Original poster: "Lau, Gary" <gary.lau-at-hp-dot-com> 

I've not scoped an off-tuned system and I have minimal experience with 
running in an off-tuned state to look for effects of this, but I have 
scoped a system with no secondary, and the primary waveform is a very 
straightforward nowhere-to-go-but-down linear decrement.  As you say, since 
the energy has no where to go, it must stay on the primary side and be 
burned off, mostly in the gap, and also in cap dielectric and other 
resistive losses.  But I still see no mechanism that will cause a resonant 
rise at the primary tank frequency (as opposed to F-mains).  I'm not saying 
that it doesn't or can't, but if it does, there is some mechanism that our 
simulation models and basic understanding does not yet address.

I have seen a sync gap set too late and this causes instability, where 
firings are missed, which causes some degree of mains resonant rise, which 
may account for the safety gap firing.

Gary Lau
MA, USA


Original poster: Terry Fritz <teslalist-at-twfpowerelectronics-dot-com>

Hi Gary,

Normally the primary system is "loaded" by the secondary system which
actually burns most of a system's power.  If the secondary is miss-tuned,
or removed in the extreme case, the power will have no where to go.  Thus,
it is possible for the primary voltage to resonate to higher than normal or
expected values.  Nowhere near the 80kV of an uncontrolled resonate system,
but enough to false fire safety gaps.

In a sync rotary gap system, firing voltage is not controlled by a fixed
spark gap voltage  but rather "timing" alone.  If the voltage increase
occurs when the gaps out of firing position, there is nothing to stop an
increase in voltage other than the safety gaps.

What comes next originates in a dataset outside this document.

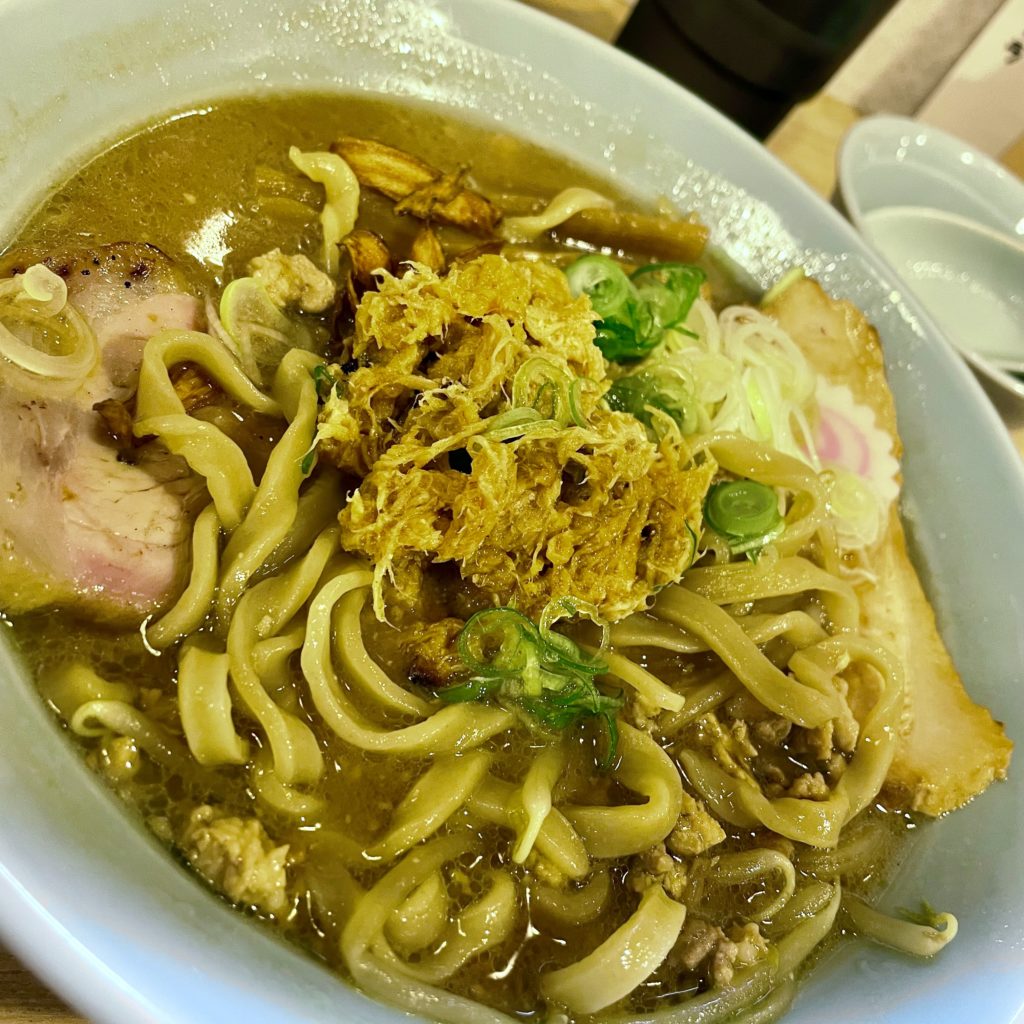 具材はチャーシュー・ミンチ・メンマ・揚げごぼう・ナルト・ネギとバラエティ豊か。
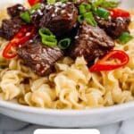 - Serve immediately for the best texture of noodles and crispy beef.

Sync LTR systems can be pretty sensitive to tuning, gap timing, and
coupling.  If the tuning is off, dramatic primary to secondary arcs can
occur.  Poor timing can draw much more line current and blow fuses that we
are supposed to be using.  Coupling can affect quenching, racing arcs, and
primary voltage adding to the confusion.

So....  Sometimes it is just best to work at say 1/4 or 1/2 power and
re-tune everything just right if odd things are going on.

Cheers,

          Terry


At 09:38 PM 9/15/2003 -0400, you wrote:
 >Hi Terry,
 >
 >Can you expand on your statement below, which I've highlighted in
 >all-caps?  I can't imagine a situation where the primary voltage
 >increases after the gap fires, regardless of tuning.
 >
 >Thanks, Gary Lau
 >MA, USA
 >
 >
 > >Original poster: Terry Fritz <teslalist-at-twfpowerelectronics-dot-com>
 > >
 > >As Kurt showed, maybe you need slightly more MMC capacitance.  If you
 >are
 > >not using a Terry filter and don't have some of the same losses
 >involved,
 > >results may vary a little.  I would just add a little capacitance to
 >the
 > >primary cap till things quiet down.  If you are using a 0 - 140VAC
 >variac,
 > >that may over voltage things a bit too.  Tuning may be an issue as
 > >well.  IF THE SECONDARY SYSTEM DOES NOT USE UP THE POWER >PROPERLY, IT
 >MAY TEND TO RAISE THE PRIMARY VOLTAGE UP.